## The task
The response should repeat word for word every line below from the one with "Part1 和 Part2。" to the one with "Convite de casamento", inclusive, and nothing else; leave pictures out.

## Available data
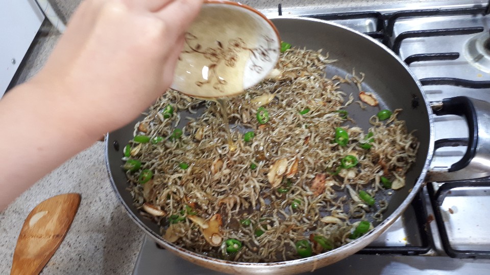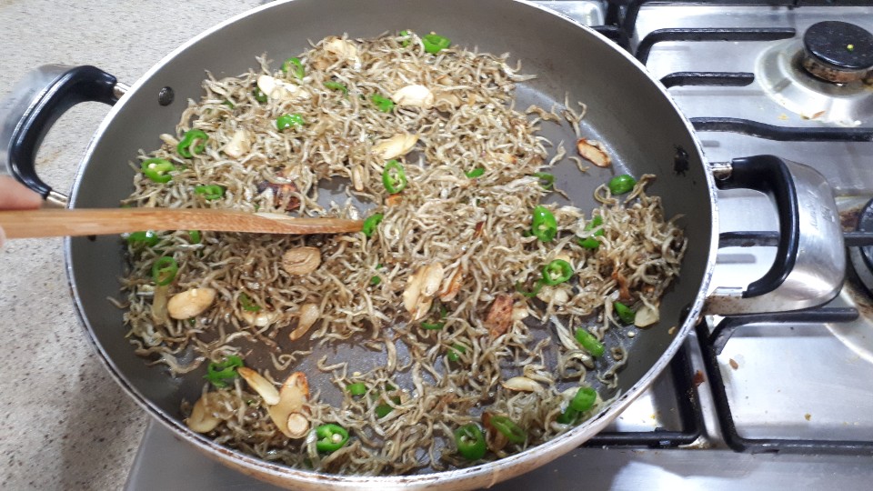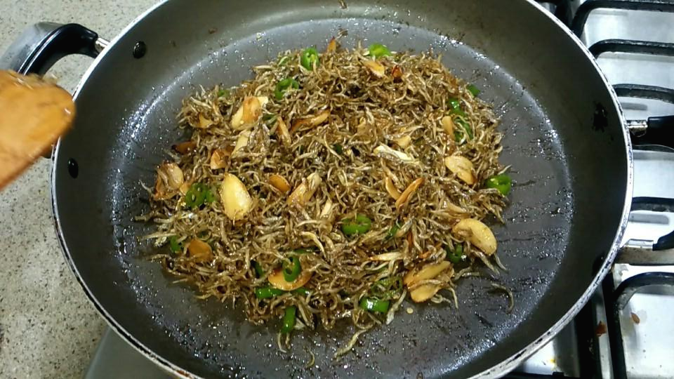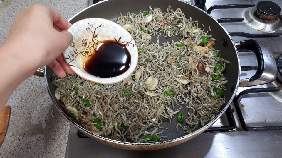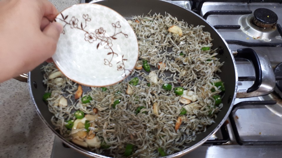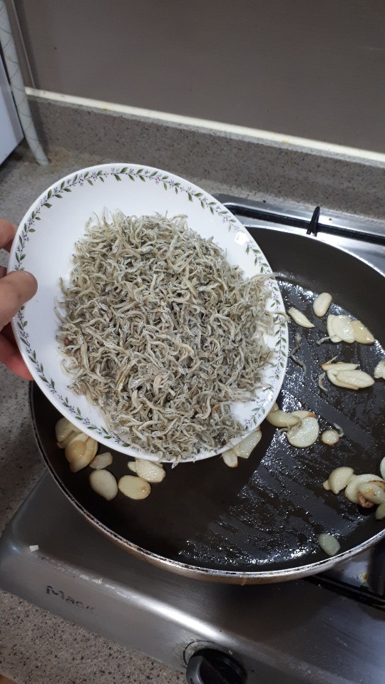 4. 마늘이 노릇하게 구워졌으면 준비된 멸치를 넣어주세요~
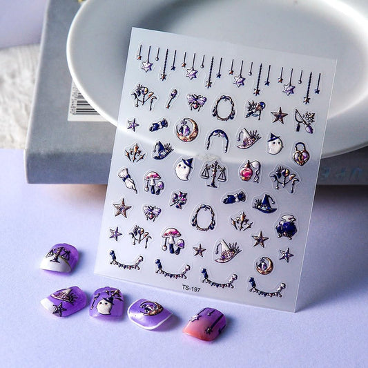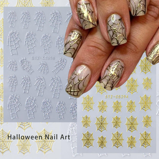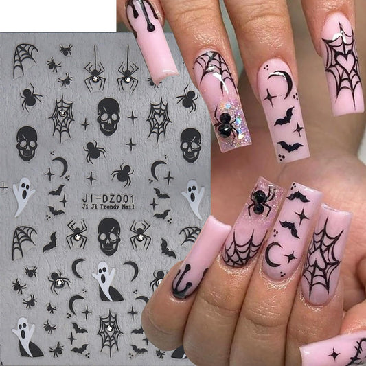 Halloween Nail Art Stickers - 9 Sheets 3D Self-Adhesive Design Decals With Ghost, Pumpkin, Spider, Bat, Black Gold Silver Web - DIY Nail Decoration for Women
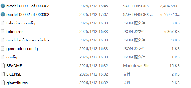 这里提一下为什么从Hugging Face上下载的时候有model-00001-of-000002.safetensors和model-00002-of-000002.safetensors两个文件,是因为像 DeepSeek-R1-Distill-Qwen-7B 这样的大模型,参数量很大。为了方便下载(防止单个文件过大导致下载失败或文件系统不支持),Hugging Face 通常会将模型权重切分成多个文件。model-00001-of-000002.safetensors 和 model-00002-of-000002.safetensors 就像是一个压缩包的 Part1 和 Part2。
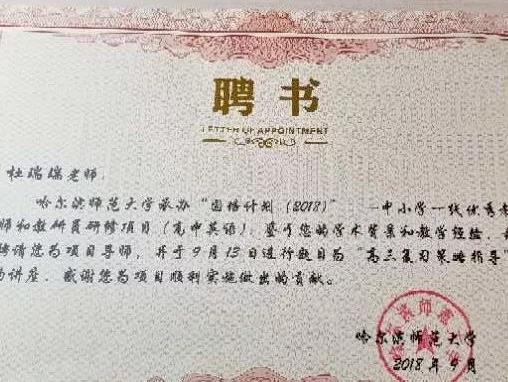 近日,我校杜瑞瑞老師(shī)被聘為(wèi)哈爾濱師(shī)範大(dà)學承辦的 ”國培計(jì)劃”(2018)—— 中小(xiǎo)學一線優秀教師(shī)和(hé)教研員研修項目(高中英語)的項目導師(shī) ,并于2018年9月13日在”國培計(jì)劃”培訓中做(zuò)了有關高考複習策略的專題講座。
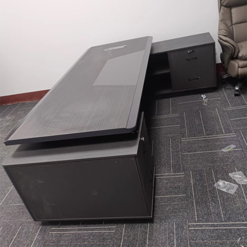 Modern L-Shaped Executive Desk with Side Storage Drawers for Office(Stock Items)
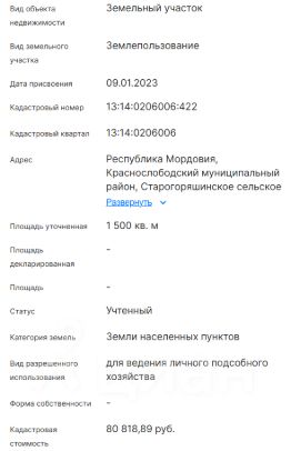 Вид разрешенного использования: для ведения личного подсобного хозяйства.
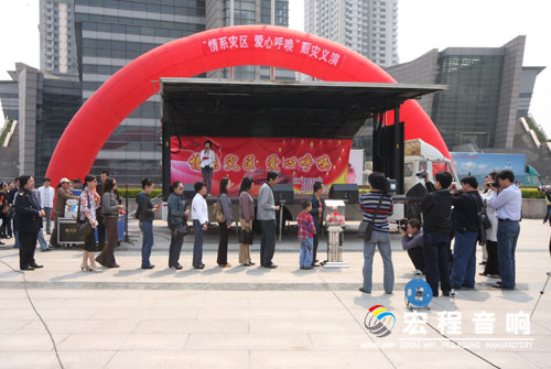 本次情系灾区爱心呼唤赈灾义演活动现场扩声音响系统由我司河北省秦皇岛演出合作伙伴-----秦皇岛再兴演艺有限公司承接,本次扩声音设备如下:
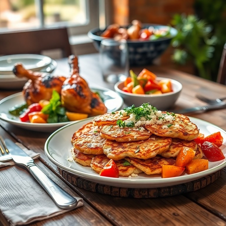 - Knapperige Aardappelpannenkoekjes met Kruiden, Parmezaanse Kaas, Knoflook, Geroosterde Kippenbout en Groenten
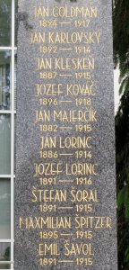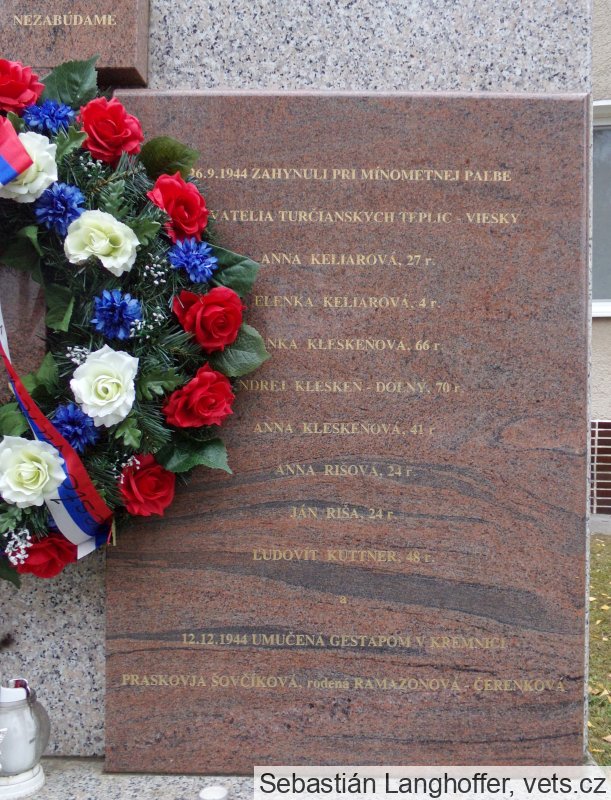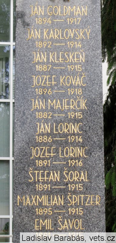 Umístění: Turčianske Teplice, Kollárova, v parčíku pri vyústení Kúpeľnej ulice do KollárovejJÁN GOLDMANN 1894-1917, JÁN KARLOVSKÝ 1892-1914, JÁN KLESKEŇ 1887-1915, JOZEF KOVÁČ 1896-1918, JÁN MAJERČÍK 1882-1915, JÁN LORINC 1886-1914, JOZEF LORINC 1891-1916, ŠTEFAN ŠORAL 1891-1915, MAXIMILIAN ŠPITZER 1895-1915, EMIL ŠAVOL 1891-1915
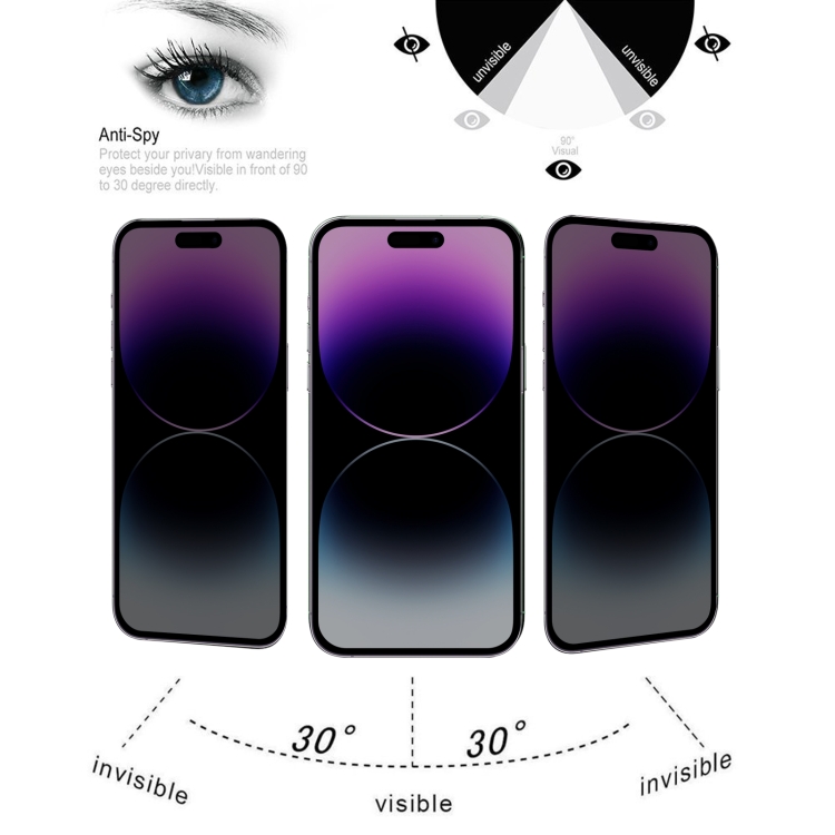 Película de Vidrio Templado iPhone 14 Pro Max Anti-Peeping Resistente al Desgaste (Aluminio)
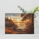 Convite de casamento com um pôr do sol na costa com um farol. No verso está um modelo de código QR personalizado para convidar convidados para RSVP.
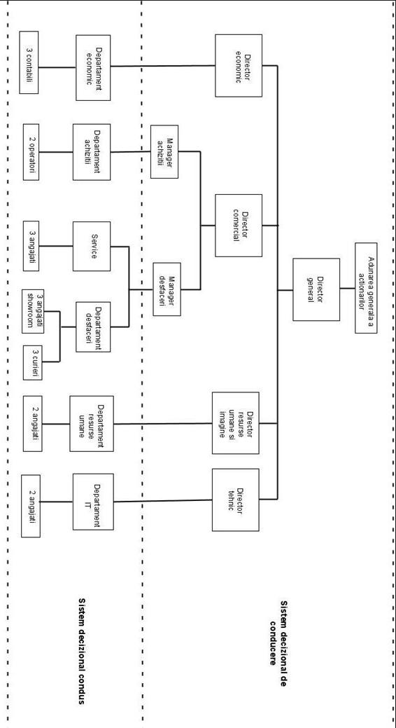 Organigrama(vezi fig.1) companiei este impartita in doua nivele sisteme decizionale, cel de conducere si cel condus. Fiecare sistem decizional are atributii si responsabilitati, acestea vor fi analizate pe larg la capitolele 1.2.2 si 1.2.3.
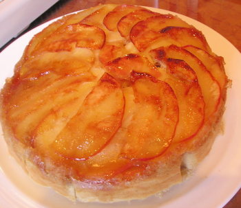 【2】中フライパンにクッキングシートを敷きプレート170度でバターとグラニュー糖を入れ焦がしキャラメル状にしてから、くし切りのリンゴを並べ入れる。

## Task response
 这里提一下为什么从Hugging Face上下载的时候有model-00001-of-000002.safetensors和model-00002-of-000002.safetensors两个文件,是因为像 DeepSeek-R1-Distill-Qwen-7B 这样的大模型,参数量很大。为了方便下载(防止单个文件过大导致下载失败或文件系统不支持),Hugging Face 通常会将模型权重切分成多个文件。model-00001-of-000002.safetensors 和 model-00002-of-000002.safetensors 就像是一个压缩包的 Part1 和 Part2。
 近日,我校杜瑞瑞老師(shī)被聘為(wèi)哈爾濱師(shī)範大(dà)學承辦的 ”國培計(jì)劃”(2018)—— 中小(xiǎo)學一線優秀教師(shī)和(hé)教研員研修項目(高中英語)的項目導師(shī) ,并于2018年9月13日在”國培計(jì)劃”培訓中做(zuò)了有關高考複習策略的專題講座。
 Modern L-Shaped Executive Desk with Side Storage Drawers for Office(Stock Items)
 Вид разрешенного использования: для ведения личного подсобного хозяйства.
 本次情系灾区爱心呼唤赈灾义演活动现场扩声音响系统由我司河北省秦皇岛演出合作伙伴-----秦皇岛再兴演艺有限公司承接,本次扩声音设备如下:
 - Knapperige Aardappelpannenkoekjes met Kruiden, Parmezaanse Kaas, Knoflook, Geroosterde Kippenbout en Groenten
 Umístění: Turčianske Teplice, Kollárova, v parčíku pri vyústení Kúpeľnej ulice do KollárovejJÁN GOLDMANN 1894-1917, JÁN KARLOVSKÝ 1892-1914, JÁN KLESKEŇ 1887-1915, JOZEF KOVÁČ 1896-1918, JÁN MAJERČÍK 1882-1915, JÁN LORINC 1886-1914, JOZEF LORINC 1891-1916, ŠTEFAN ŠORAL 1891-1915, MAXIMILIAN ŠPITZER 1895-1915, EMIL ŠAVOL 1891-1915
 Película de Vidrio Templado iPhone 14 Pro Max Anti-Peeping Resistente al Desgaste (Aluminio)
 Convite de casamento com um pôr do sol na costa com um farol. No verso está um modelo de código QR personalizado para convidar convidados para RSVP.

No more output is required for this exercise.